I assume that you compare strings using their character value. I.e. one character acts like a digit, a longer string is greater than shorter string, etc.
s there any real sequence of characters that always compares greater than any other string?
No, because:
Let's assume there is a string s that is always greater than any other string.
If you make a copy of s, the copy will be equal to s. Equal means "not greater". Therefore there can be a string that is not greater than s.
If you make a copy of s and append one character at the end, it will be greater than original s. Therefore there can be a string that is greater than s.
Which means, it is not possible to make s.
I.e.
A string s that is always greater than any other string cannot exist. A copy of s (copy == other string) will be equal to s, and "equal" means "not greater".
A string s that is always greater or equal to any other string, can exist if a maximum string size has a reasonable limit. Without a size limit, it will be possible to take a copy of s, append one character at the end, and get a string that is greater than s.
In my opinion, the proper solution would be to introduce some kind of special string object that represents infinitely "large" string, and write a comparison operator for that object and standard string. Also, in this case you may need custom string class.
It is possible to make string that is always less or equal to any other string. Zero length string will be exactly that - always smaller than anything else, and equal to other zero-length strings.
Or you could write counter-intuitive comparison routine where shorter string is greater than longer string, but in this case next code maintainer will hate you, so it is not a good idea.
Not sure why would you ever need something like that, though.
You probably need a custom comparator, for which you define a magic "infinite string" value and which will always treat that value as greater than any other.
Unicode solves a lot of problems, but not that one. Unicode is just a different encoding for a character, 1, 2 or 4 bytes, they are still stored in a plain array. You can use infinite strings when you find a machine with infinite memory.
Yes. How you do it, I have no idea :)
You should try to state what you intend to achieve and what your requirements are. In particular, does it have to be a string? is there any limitation on the domain? do they need to be compared with <?

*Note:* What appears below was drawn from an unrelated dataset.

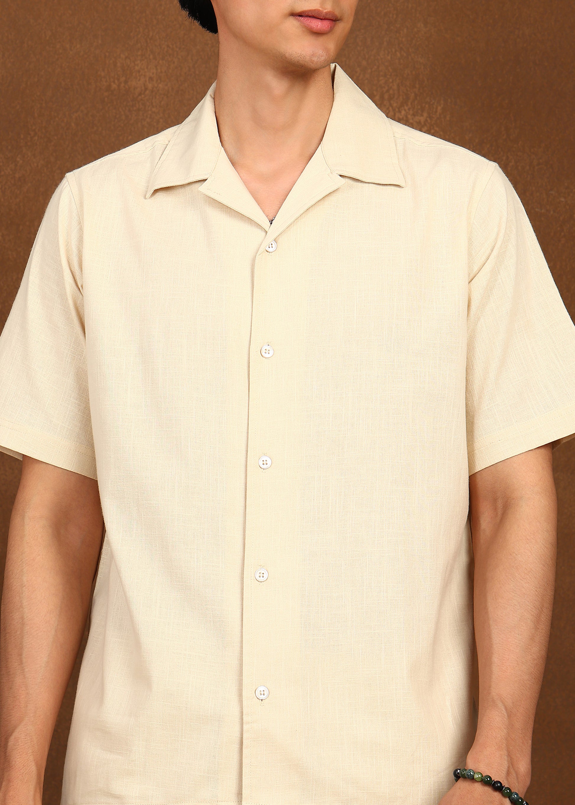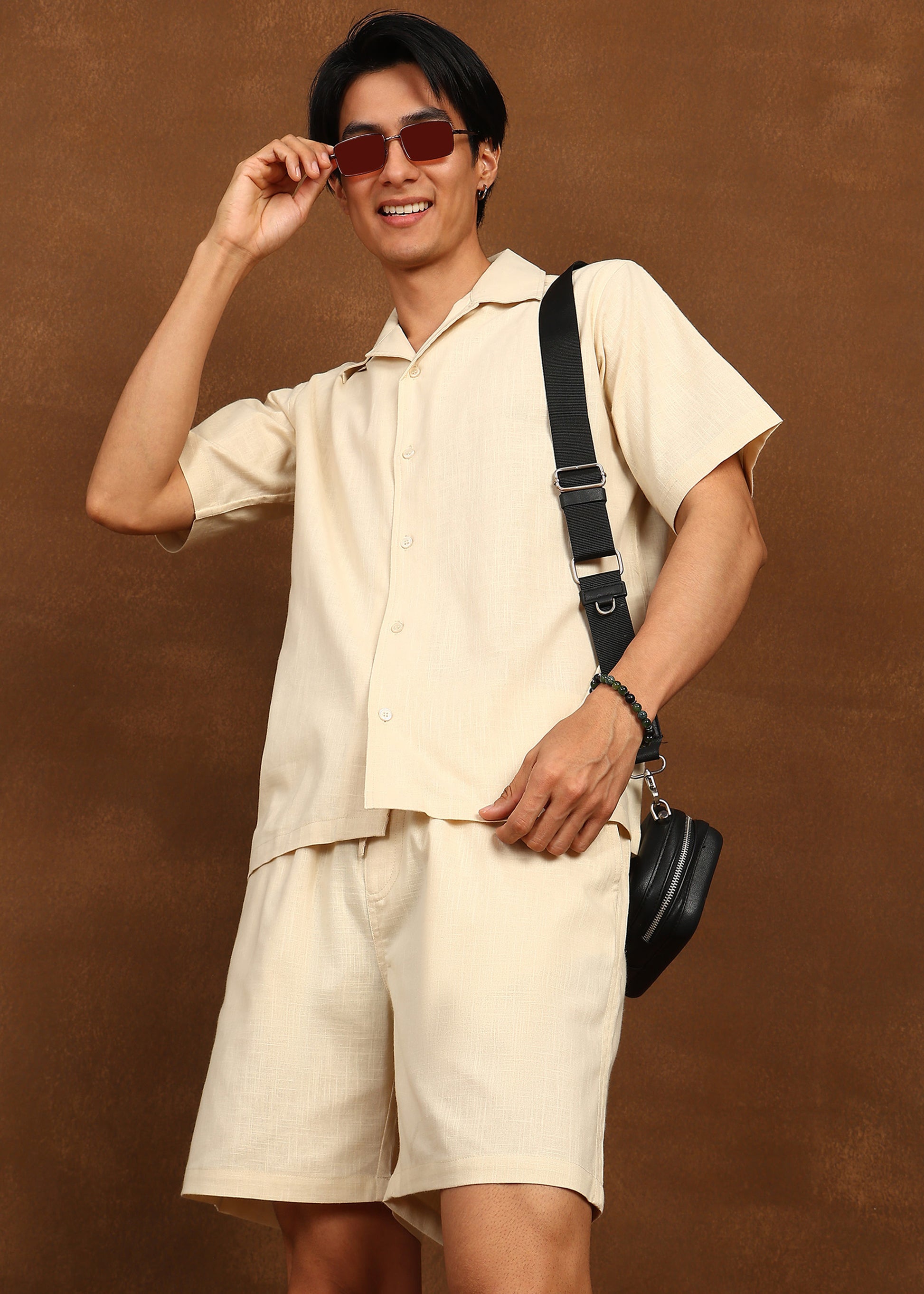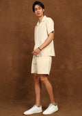 The short-sleeve button-down shirt features clean lines and a breathable weave, paired with matching straight-fit shorts for all-day comfort. Lightweight and versatile, Desert Calm is perfect for summer styling, travel wear, and understated luxury looks.

You can use a non-string type:
struct infinite_string {};
bool operator<( std::string const & , infinite_string const & ) {
return true;
}
bool operator<( infinite_string const &, std::string const & ) {
return false;
}
If you can use std::lexicographical_compare and you don't need to store it as a string, then you can write an infinite iterator:
template <typename CharT>
struct infinite_iterator
{
CharT operator*() { return std::numeric_limits<CharT>::max(); }
infinite_iterator& operator++() { return *this; }
bool operator<( const infinite_iterator& ) { return true; }
// all other stuff to make it proper
};
assert( std::lexicographical_compare( str.begin(), str.end(),
infinite_iterator, infinite_iterator ) );
If you can use any other comparisson functor and your domain has some invalid you can use that to your advantage:
namespace detail {
// assume that "\0\0\0\0\0" is not valid in your domain
std::string const infinite( 5, 0 );
}
bool compare( std::string const & lhs, std::string const & rhs ) {
if ( lhs == detail::infinite ) return false;
if ( rhs == detail::infinite ) return true;
return lhs < rhs;
}
if you need an artificial bound within a space of objects that isn't bounded, the standard trick is to add an extra element and define a new comparison operator that enforces your property.

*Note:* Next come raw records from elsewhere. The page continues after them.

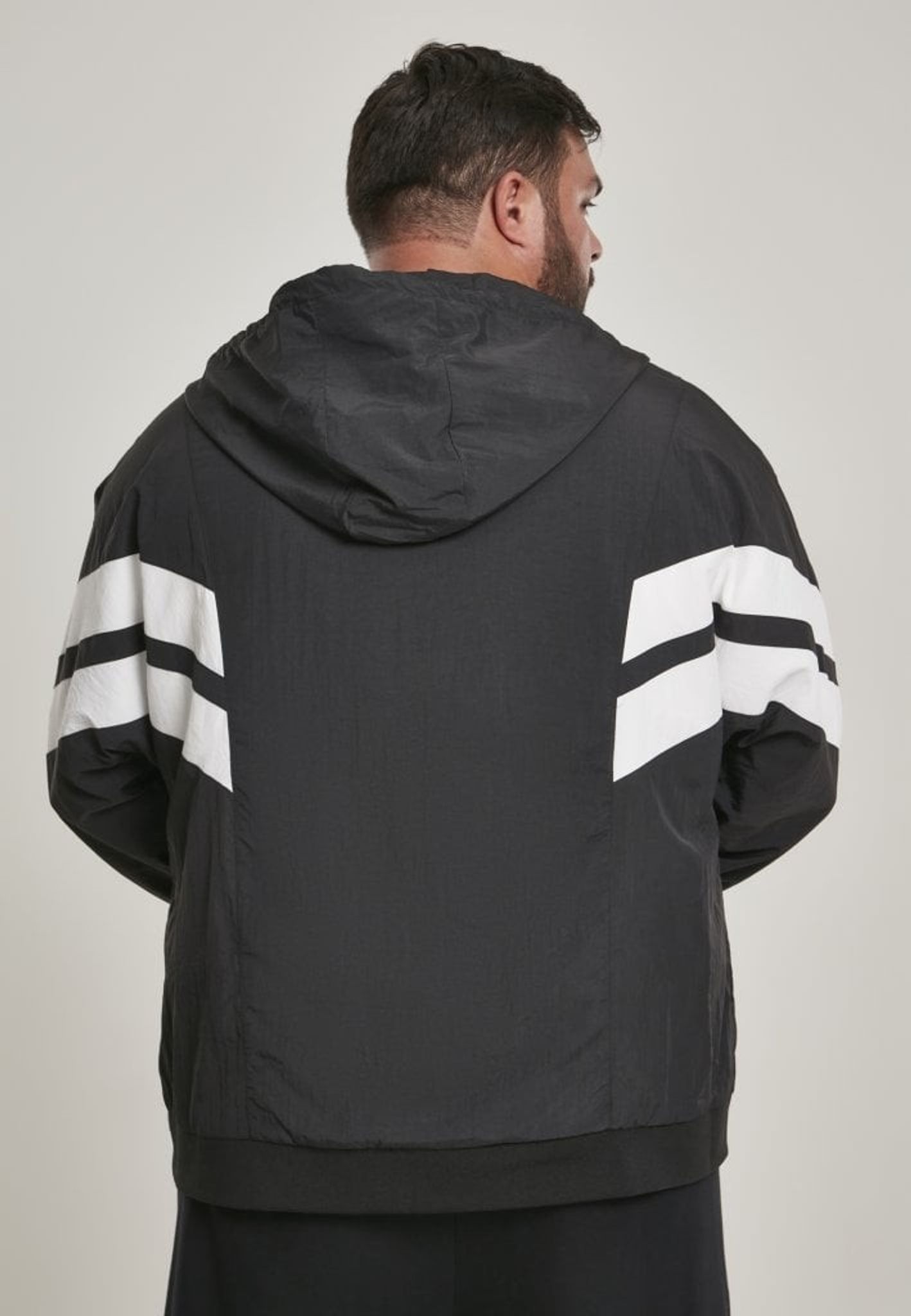 A sporty jacket in thin wrinkled fabric. The jacket has a high neck with zipper and zipper in the hood.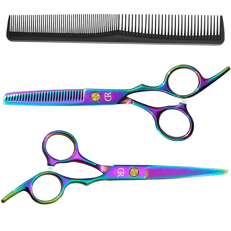 Elevate your hairstyling skills with this vibrant and eye-catching professional haircutting kit. The set includes a pair of precision scissors with ultra-sharp, durable stainless steel blades that effortlessly slice through hair. The ergonomic handles, adorned with a mesmerizing iridescent finish, provide a comfortable and secure grip for precise control. Complementing the scissors are combs to detangle, section, and shape your clients' hair. This comprehensive kit is a must-have for professional stylists and home users alike, offering both functionality and flair to create stunning hairstyles with ease.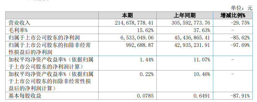 不过,美邦科技上半年“不太好过”。今年上半年,美邦科技实现营业收入约2.1亿元,同比下降29.75%;实现归属于上市公司股东的净利润约653万元,同比下降85.62%;实现归属于上市公司股东的扣除非经常性损益后的净利润约99万元,同比下降97.69%。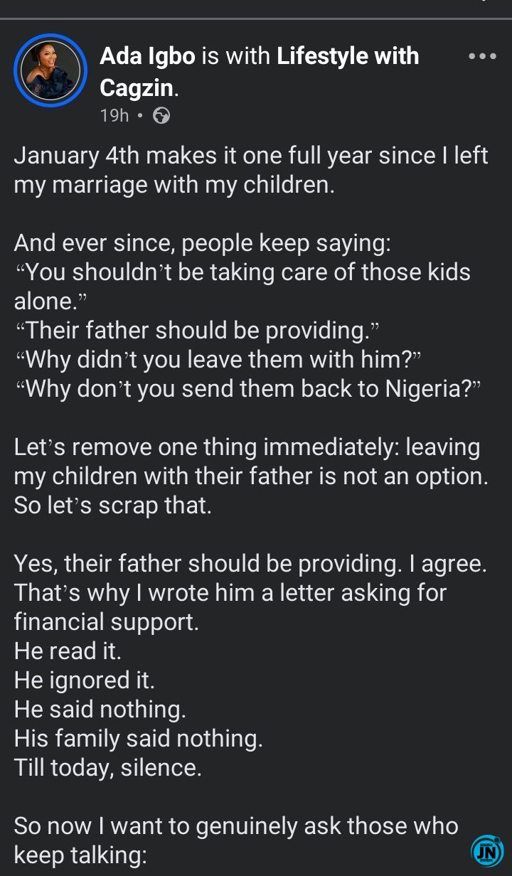The post has since garnered significant attention, with many social media users expressing empathy for Ada Igbo’s situation, praising her resilience, and offering advice or support. Others have used the post as a platform to discuss broader issues surrounding single parenting, marital breakdowns, and the responsibilities of estranged spouses in the care of children.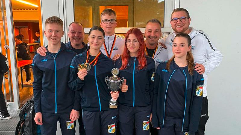 Nach den Einzeldisziplinen folgten die Teamwettbewerbe, bei denen im Modus „best of three“ gekämpft wurde. Eine Mannschaft bestand aus drei Kämpfern*innen. Vanessa, Nastya und Luca traten als Mitglieder*innen von Kampfgemeinschaften aus Franken („KG Franken“) an.

Or implement lazy strings.
Well if you were to dynamically construct a string of equal length as the one that you are comparing to and fill it with the highest ASCII code available (7F for normal ASCII or FF for extended) you would be guaranteed that this string would compare equal to or greater than the one you compare it to.
What's your comparator?
Based on that, you can construct something that is the 'top' of your lattice.